Случилось так, что они с Диего должны были съездить по поручению одного знакомого в северный район Швеции. Я забыла упомянуть, что наши герои путешествовали по Старому Свету не от хорошей жизни. Они бежали из своей страны, где воцарился хаос, и искали какое-нибудь прибежище, чтобы переждать там лихие времена. С деньгами у них было туго, и если бы не многочисленные приятели Диего, который в ранней молодости служил дипломатом, они бы пополнили ряды каких-нибудь отверженных клошаров. Приятели если и не давали в долг, то, по крайней мере, снабжали рекомендациями, помогавшими найти приют. За это иногда приходилось выполнять некоторые их просьбы.
В том феврале, когда хороший хозяин собаку бы не выгнал из дома, Анни и Диего поехали на север, чтобы передать письмо от стокгольмского мецената… неважно, кому. Эти нюансы для нас не имеют значения.
Они ехали на оленьей упряжке, попали в буран. Сани перевернулись, погонщик – или как он там зовется у скандинавов? – погиб, олени, вырвавшись из постромков, разбежались. И все это произошло в чистом поле.
Ни Диего, ни Анни не знали местности, в которой очутились. Они пошли наугад, на свое счастье, добрели до деревушки с горсткой лачуг и постучались в первую попавшуюся. Им открыл сердитый человечек – низенький, с красной лысиной, в круглых очках, делавших его похожим на профессора. Как позже разъяснилось, он и вправду был профессором, а наши герои оторвали его от важного химического опыта.
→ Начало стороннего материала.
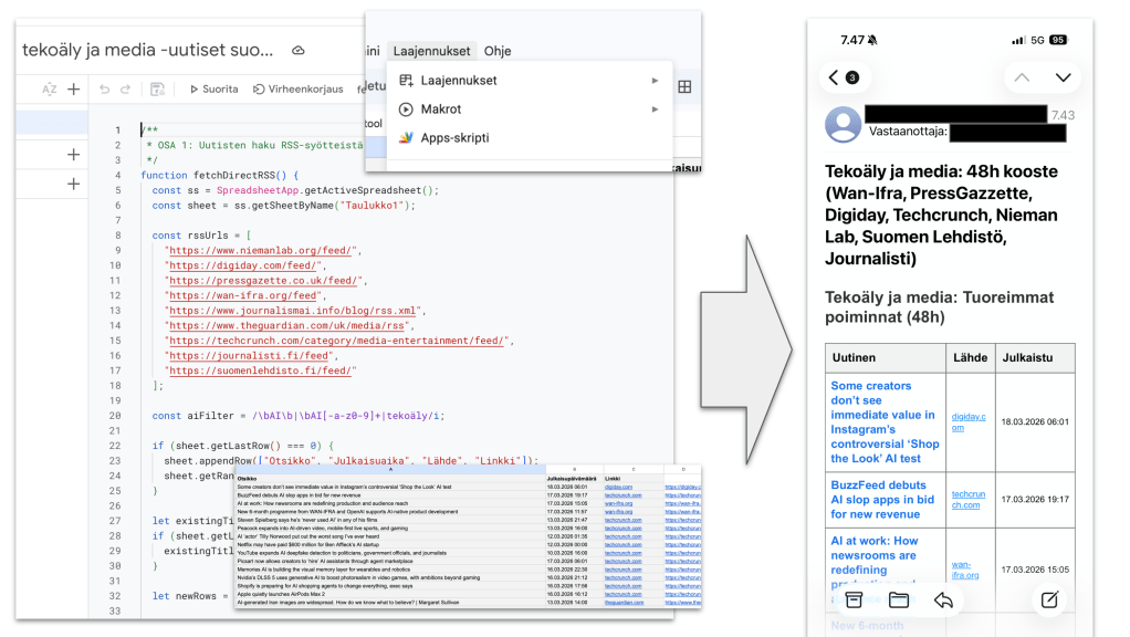 Se hyödyntää Google Sheets -taulukkolaskentaohjelmaa sekä Google Apps Scriptiä. Apps Script on pilvipohjainen JavaScript-alusta (JavaScript on ohjelmointikieli), jolla voi automatisoida tehtäviä, luoda omia työkaluja ja yhdistää Googlen eri palveluita toisiinsa. Se on ilmainen eli kuuluu tavalliseen Google-tiliin ja etuna on, että siinä kirjoitetaan ja ajetaan koodia suoraan selaimessa. JavaScript-koodia sinun ei tarvitse osata riviäkään, vaan voit pyytää sellaista tekoälyltä (kannattaa kuitenkin pyrkiä varmistamaan tekoälyn kanssa keskustellessa, että toimit fiksusti ja tietoturvallisesti. Varmista kaverilta, jos pohdituttaa).

Профессор поначалу не выказал желания впускать странников в дом, но Анни со свойственным ей обаянием сумела его переубедить. Он проникся сочувствием к заблудившимся чужестранцам и разрешил им остаться, пока не утихнет вьюга. Он даже накормил их обедом – вареной картошкой и похлебкой из рыбы.
Когда они ели и отогревались у жаркой печи, пожаловал еще один гость. Его звали Гастоном, он прибыл из Гетеборга, но принадлежал к бельгийской нации и с профессором общался на языке галлов. Анни владела им в совершенстве. Из реплик, которыми обменивались эти двое, она поняла, что они дружны с юности, вместе обучались в Сорбонне, и, хотя живут нынче в разных странах, дружба не прекращается, чему способствуют взаимные визиты и активная переписка.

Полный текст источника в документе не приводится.